To solve this optimization problem using Gurobi, we first need to understand and possibly simplify or rephrase the constraints given in the natural language description. The objective is to minimize the function \(1 \times \text{black beans} + 7 \times \text{steaks}\), subject to several constraints related to iron content, cost, fiber content, and a specific linear constraint involving black beans and steaks.

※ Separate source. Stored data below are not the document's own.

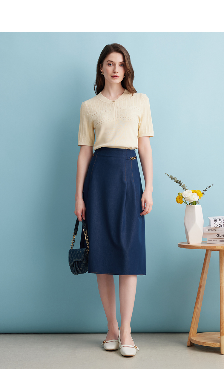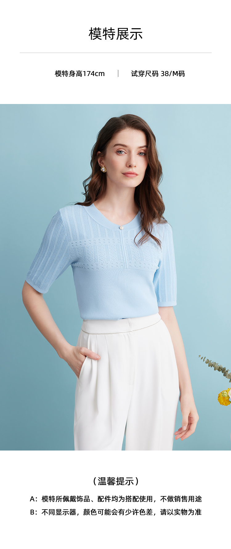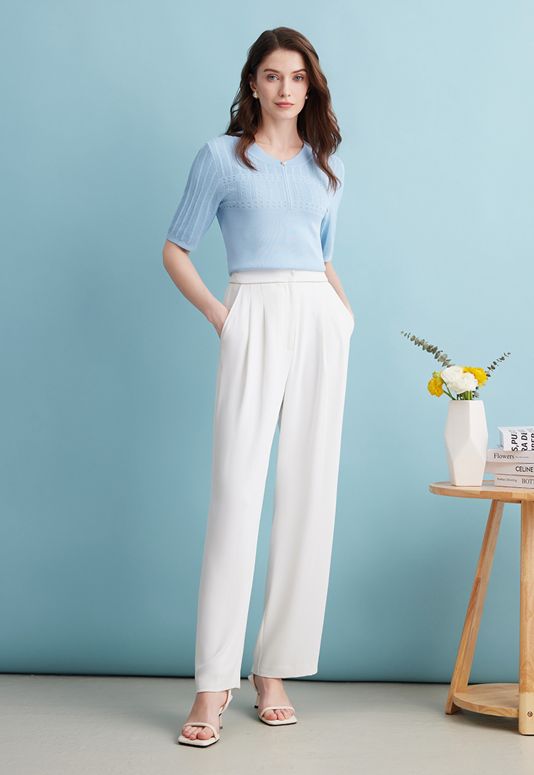 EITIE爱特爱夏季新款气质温柔百搭舒适柔软透气短袖针织衫薄B2401324
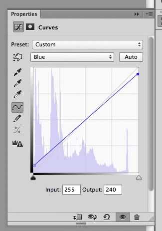 Создайте новый корректирующий слой Curves (Кривые). Перейдите в этом слое на синий канал и подтяните нижнюю точку, чтобы затонировать изображение в тенях и светах, тем самым добавив эффект сплит тонирования, как на скриншоте.
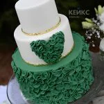 Этот роскошный трехъярусный торт в изумрудных тонах создает ощущение настоящего праздника. Нежные рюши из мастики, расположенные волнами, напоминают переливы шелка. Золотистые акценты добавляют торту благородный блеск, а изящные детали подчеркивают торжественность момента. Игра фактур и глубина оттенков зеленого превращают десерт в настоящее произведение искусства, которое станет центром внимания на любом мероприятии.
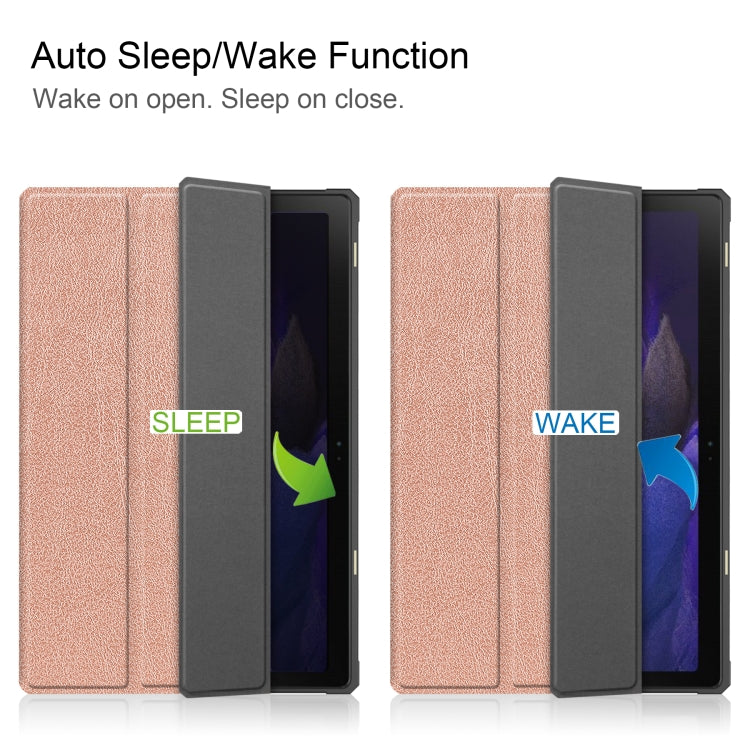 For Samsung Galaxy Tab A8 2021 SM-X205 3-Fold Holder Leather Tablet Case(Rose Gold)

The constraints can be summarized as follows:
- Iron from black beans and steaks must be at least 18 mg and at most 71 mg.
- The total cost of black beans and steaks must be at least $22 and at most $45.
- Fiber from both sources must total at least 11 grams and no more than 28 grams.
- A specific constraint \(10 \times \text{black beans} - \text{steaks} \geq 0\) must be satisfied.
- Black beans can be fractional, but steaks must be integer.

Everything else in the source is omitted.